Elterman, Kelly G. MD; Mallampati, Seshagiri Rao MD; Tedrow, Usha B. MD, MS; Urman, Richard D. MD, MBA

doi: 10.1097/ACC.0b013e3182a963be
Case Reports: Case Report

Transient left bundle branch block (LBBB) associated with physical exertion has been described in patients with and without coronary artery disease. A 64-year-old woman with no history of coronary artery disease underwent Nissen fundoplication under general anesthesia. Preoperatively, an exercise-tolerance test revealed LBBB, without ischemic symptoms. Intraoperatively, the electrocardiogram revealed normal sinus rhythm. Postoperatively, LBBB appeared in the absence of clinical symptoms or physiologic stress. The patient reported several similar episodes previously. Cardiac enzymes were negative. Subsequent electrocardiograms revealed persistence of LBBB. Anesthesiologists should be aware of the possibility of perioperative transient LBBB in the absence of cardiac ischemia.

From the Department of Anesthesiology, Perioperative, and Pain Medicine, Brigham and Women’s Hospital, Boston, Massachusetts.

Accepted for publication August 12, 2013

Funding: Not funded.

This report was previously presented, in part, at the American Society of Anesthesiologists.

The authors declare no conflicts of interest.

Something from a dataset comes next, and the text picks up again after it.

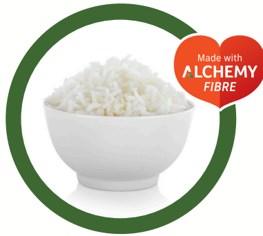
Add on White Jasmine Rice with Alchemy Fibre™ $1.09 (w/GST) per pax

Address correspondence to Kelly G. Elterman, MD, Department of Anesthesiology, Perioperative, and Pain Medicine, Brigham and Women’s Hospital, 75 Francis St., CWN-L1, Boston, MA 02115. Address e-mail to

Transient left bundle branch block (LBBB) is a phenomenon in patients with a history of coronary heart disease (CHD), particularly with physical exertion or in the perioperative period.1 Cases of exercise-related or intraoperative transient LBBB, accompanied by tachycardia or hypertension, in patients with and without coronary artery disease (CAD), have been described.2–4 We present a case of postoperative recurrence of an episodic temporary LBBB in the absence of associated tachycardia or hypertension in a patient with no known CHD.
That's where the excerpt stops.